In [1]:
from nltk.probability import (FreqDist, ConditionalFreqDist, ConditionalProbDist, MLEProbDist, SimpleGoodTuringProbDist)
from nltk.util import ngrams

In [2]:
def ml_estimator(freqdist):
    return MLEProbDist(freqdist)


def goodturing_estimator(freqdist):
    return SimpleGoodTuringProbDist(freqdist)


def read_file(file_path):
    words = []
    with open(file_path, "r", encoding='utf-8') as file:
        for line in file:
            line_tokens = line.lower().split(" ")
            words += line_tokens
    return words


# # use the generate method from the NLTK class ProbDistI to generate the next random word
def generate_text(ngram, n, length=100):
    # # add the padding start symbol to the init context
    context = tuple([ngram._start_symbol] * (n - 1))
    result = list(context)
    for i in range(length):
        if context in ngram._counter:
            prob_dist = ngram[context]
            # # predict the next word
            word = prob_dist.generate()
        else:
            word = ngram._end_symbol

        result.append(word)

        if word == ngram._end_symbol:
            break
        # # update the context    
        context = tuple(result[-(n - 1):])

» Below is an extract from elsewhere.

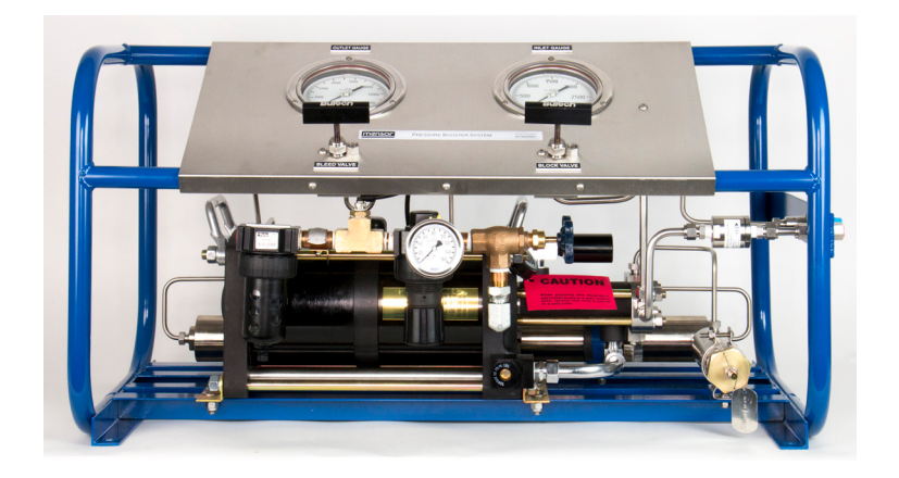
Figure 2 - Model 77

    return ' '.join(result)

In [3]:
class BasicNgram(ConditionalProbDist):
    """
    Define and train an Ngram Model over the corpus represented by the list words. 
    Given an BasicNgram instance ngram and a (n-1)-gram context (i.e., a tuple of n-1 strings), 
    a call to ngram[context] returns a nltk.probability.ProbDistI object representing the Probability distribution P(.|context) over possible values for the next word. 
    Be aware that context has to be a tuple, even if context is a unigram (see example below)
    
    >>> corpus=['a','b','b','a']
    >>> bigram=BasicNgram(2,corpus)
    >>> bigram.contexts()
    [('<$>',), ('a',), ('b',)]
    >>> p_b=bigram[('b',)] #not bigram['b']!!!
    >>> p_b.prob('a')
    0.5
    >>> p_b.prob('b')
    0.5
    
    :param n: the dimension of the n-grams (i.e. the size of the context+1).
    :type n: int
    :param corpus: 
    :type corpus: list(Str)
    
    other parameters are optional and may be omitted. They define whether to add artificial symbols before or after the word list, 
    and whether to use another estimation methods than maximum likelihood.
    """

    def __init__(self, n, words, start_symbol="<$>", end_symbol="</$>", pad_left=True, pad_right=False,
                 estimator=ml_estimator):
        assert (n > 0)
        self._n = n
        self._words = words
        self._counter = ConditionalFreqDist()
        self._start_symbol = start_symbol
        self._end_symbol = end_symbol
        self._pad_left = pad_left
        self._pad_right = pad_right
        self._train()
        super().__init__(self._counter, estimator)

    def _train(self):
        _ngrams = self.generate_ngrams()
        for ngram in _ngrams:
            context = ngram[0:-1]
            outcome = ngram[-1]
            self._counter[context][outcome] += 1

    """
    returns an iterable over the ngrams of the word corpus
    """

    def generate_ngrams(self):
        return ngrams(self._words, self._n, pad_left=self._pad_left, pad_right=self._pad_right,
                      left_pad_symbol=self._start_symbol,
                      right_pad_symbol=self._end_symbol)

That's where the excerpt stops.